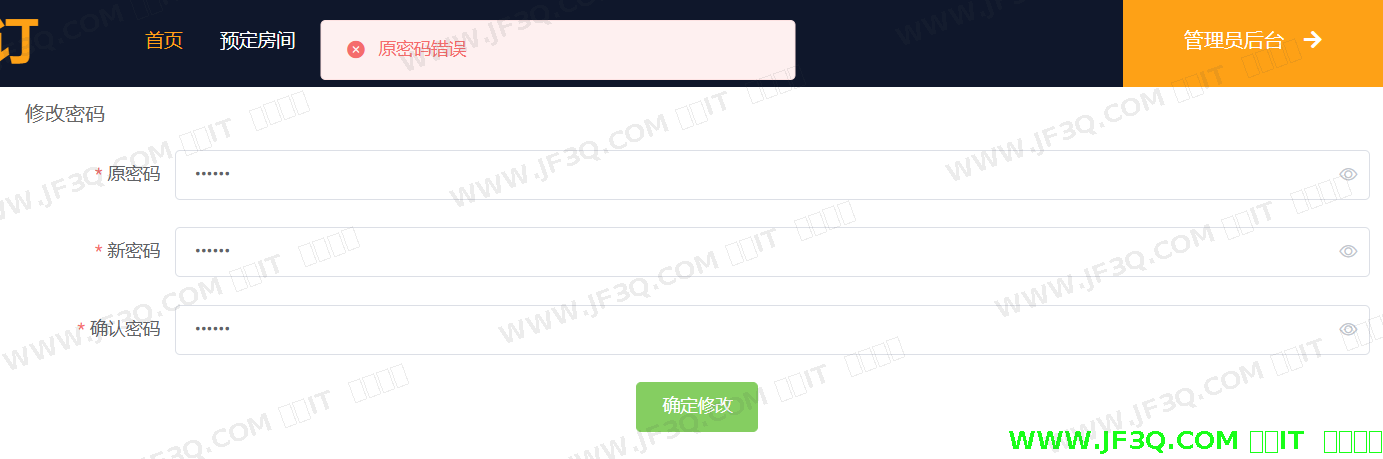 (2)登录之后,系统跳回首页,点击顶部栏的个人中心,跳转页面,点击左侧边栏的修改密码,即可开始修改密码。若输入不正确的原密码,并且输入两次相同无错误的新密码,点击确认修改的按钮后,系统屏幕上方就会提示“原密码错误”,修改不成功页面如下图6-3所示:
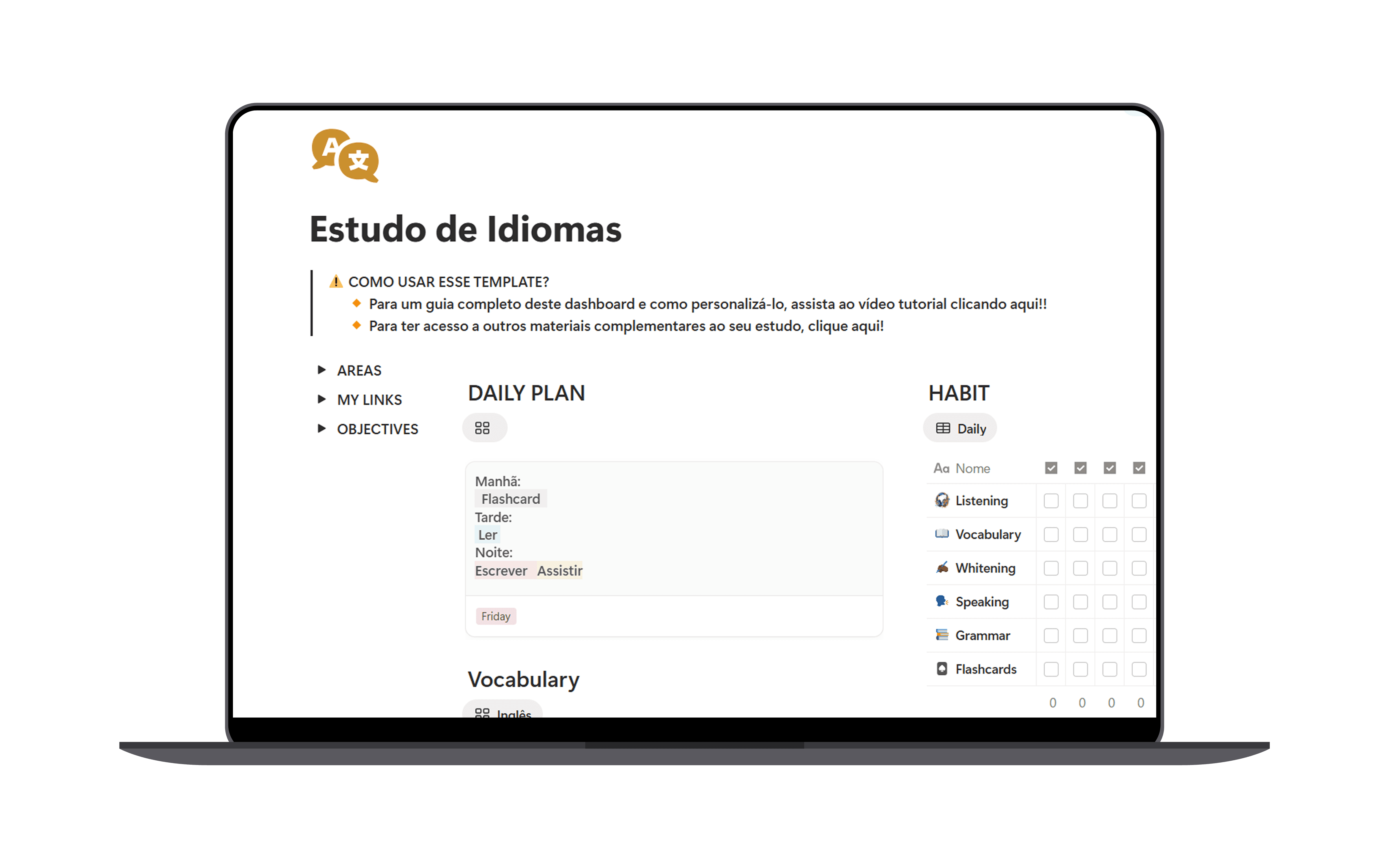 Ao adquirir o Cronograma de Inglês no Notion, você recebe:
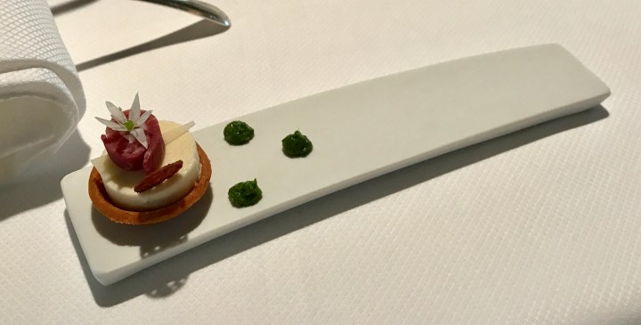 In the dining room the old cogwheels are still there, which makes for a very nice ambiance. We opted for the chef’s ‘surprise’ 8- course menu (105 euros), which was not as surprising because it contained mostly the same dishes as the 5-course menu for 75 euros. The wine list only has French wines, and of course mostly from Burgundy with an impressive selection of Côte d’Or wines.
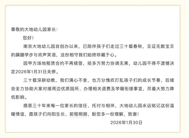 随着落户时间的逐步临近,预计在接下来的春节假期前后,市场成交热度仍然会维持继续上升的情态,建议有实际需求的购房客户,尽可能早点进行看房,以达成能够顺利落户的入学要求。毕竟在实际交易过程中,有些卖方需要银行解压,还有些需要买方户口迁出、买方户口迁入等,这些都需要时间,同时也建议售房业主抓住这一波成交高峰,达成自己置换或资金方面的需求,不要过度执着一些很小的议价空间差距。在刚刚过去的1月底,南京秦淮区一所经营了30年的幼儿园——大地幼儿园宣布关停。官方发布的理由是因为场地租赁合约不再续签,而导致突然关停。事实上,幼儿园的关停在南京已经出现很多回了。

=== Task item ===
Would you return the whole listing exactly, without the pictures?

=== Written answer ===
 (2)登录之后,系统跳回首页,点击顶部栏的个人中心,跳转页面,点击左侧边栏的修改密码,即可开始修改密码。若输入不正确的原密码,并且输入两次相同无错误的新密码,点击确认修改的按钮后,系统屏幕上方就会提示“原密码错误”,修改不成功页面如下图6-3所示:
 Ao adquirir o Cronograma de Inglês no Notion, você recebe:
 In the dining room the old cogwheels are still there, which makes for a very nice ambiance. We opted for the chef’s ‘surprise’ 8- course menu (105 euros), which was not as surprising because it contained mostly the same dishes as the 5-course menu for 75 euros. The wine list only has French wines, and of course mostly from Burgundy with an impressive selection of Côte d’Or wines.
 随着落户时间的逐步临近,预计在接下来的春节假期前后,市场成交热度仍然会维持继续上升的情态,建议有实际需求的购房客户,尽可能早点进行看房,以达成能够顺利落户的入学要求。毕竟在实际交易过程中,有些卖方需要银行解压,还有些需要买方户口迁出、买方户口迁入等,这些都需要时间,同时也建议售房业主抓住这一波成交高峰,达成自己置换或资金方面的需求,不要过度执着一些很小的议价空间差距。在刚刚过去的1月底,南京秦淮区一所经营了30年的幼儿园——大地幼儿园宣布关停。官方发布的理由是因为场地租赁合约不再续签,而导致突然关停。事实上,幼儿园的关停在南京已经出现很多回了。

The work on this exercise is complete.